Beneath this line sits some data. Return only its lines from the one holding "Arabian Myrna- astiastoa." through the one holding "Nominations Are Now", inclusive, exactly, with the images removed.
[Data extracts]
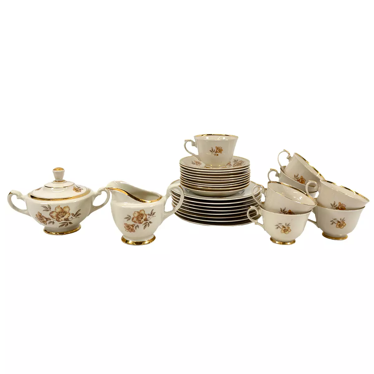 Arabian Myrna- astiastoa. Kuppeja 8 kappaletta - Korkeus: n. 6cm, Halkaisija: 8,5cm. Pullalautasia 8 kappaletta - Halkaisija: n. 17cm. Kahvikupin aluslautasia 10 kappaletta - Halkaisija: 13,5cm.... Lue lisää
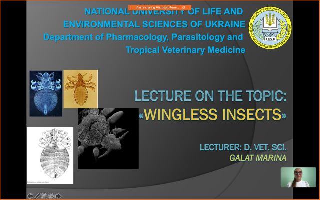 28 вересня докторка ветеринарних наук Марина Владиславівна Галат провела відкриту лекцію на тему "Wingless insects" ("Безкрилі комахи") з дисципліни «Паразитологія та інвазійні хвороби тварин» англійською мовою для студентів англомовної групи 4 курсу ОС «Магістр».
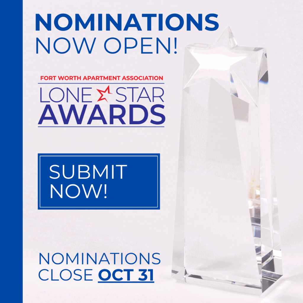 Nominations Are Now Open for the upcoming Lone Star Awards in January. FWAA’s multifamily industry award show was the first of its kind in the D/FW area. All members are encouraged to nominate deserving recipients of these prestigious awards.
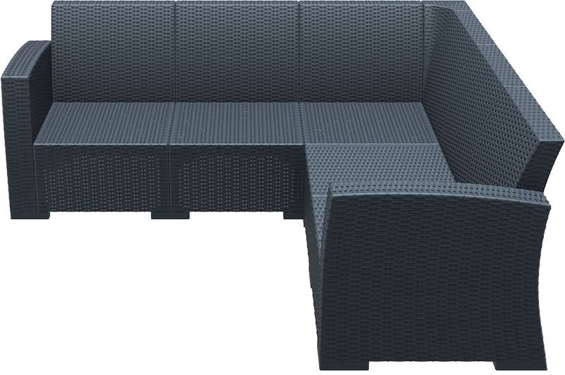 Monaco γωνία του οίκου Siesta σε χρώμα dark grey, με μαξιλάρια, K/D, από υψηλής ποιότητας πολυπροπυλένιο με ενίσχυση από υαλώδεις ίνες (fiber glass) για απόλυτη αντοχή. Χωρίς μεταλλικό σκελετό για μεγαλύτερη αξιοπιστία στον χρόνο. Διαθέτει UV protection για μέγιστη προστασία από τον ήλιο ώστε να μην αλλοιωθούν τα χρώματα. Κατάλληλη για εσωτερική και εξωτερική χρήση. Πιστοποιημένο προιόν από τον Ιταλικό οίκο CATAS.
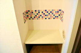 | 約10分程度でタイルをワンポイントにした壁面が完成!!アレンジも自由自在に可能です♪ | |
[/Data extracts]
[Data extracts]
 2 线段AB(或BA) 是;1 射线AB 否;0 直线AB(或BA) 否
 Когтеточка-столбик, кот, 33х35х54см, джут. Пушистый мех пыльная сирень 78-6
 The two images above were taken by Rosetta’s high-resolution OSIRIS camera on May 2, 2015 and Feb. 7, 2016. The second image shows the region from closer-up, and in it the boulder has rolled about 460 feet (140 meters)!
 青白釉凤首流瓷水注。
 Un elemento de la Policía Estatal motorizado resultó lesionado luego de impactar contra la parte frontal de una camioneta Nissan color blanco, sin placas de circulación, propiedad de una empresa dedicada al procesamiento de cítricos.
[/Data extracts]
[Solution]
 Arabian Myrna- astiastoa. Kuppeja 8 kappaletta - Korkeus: n. 6cm, Halkaisija: 8,5cm. Pullalautasia 8 kappaletta - Halkaisija: n. 17cm. Kahvikupin aluslautasia 10 kappaletta - Halkaisija: 13,5cm.... Lue lisää
 28 вересня докторка ветеринарних наук Марина Владиславівна Галат провела відкриту лекцію на тему "Wingless insects" ("Безкрилі комахи") з дисципліни «Паразитологія та інвазійні хвороби тварин» англійською мовою для студентів англомовної групи 4 курсу ОС «Магістр».
 Nominations Are Now Open for the upcoming Lone Star Awards in January. FWAA’s multifamily industry award show was the first of its kind in the D/FW area. All members are encouraged to nominate deserving recipients of these prestigious awards.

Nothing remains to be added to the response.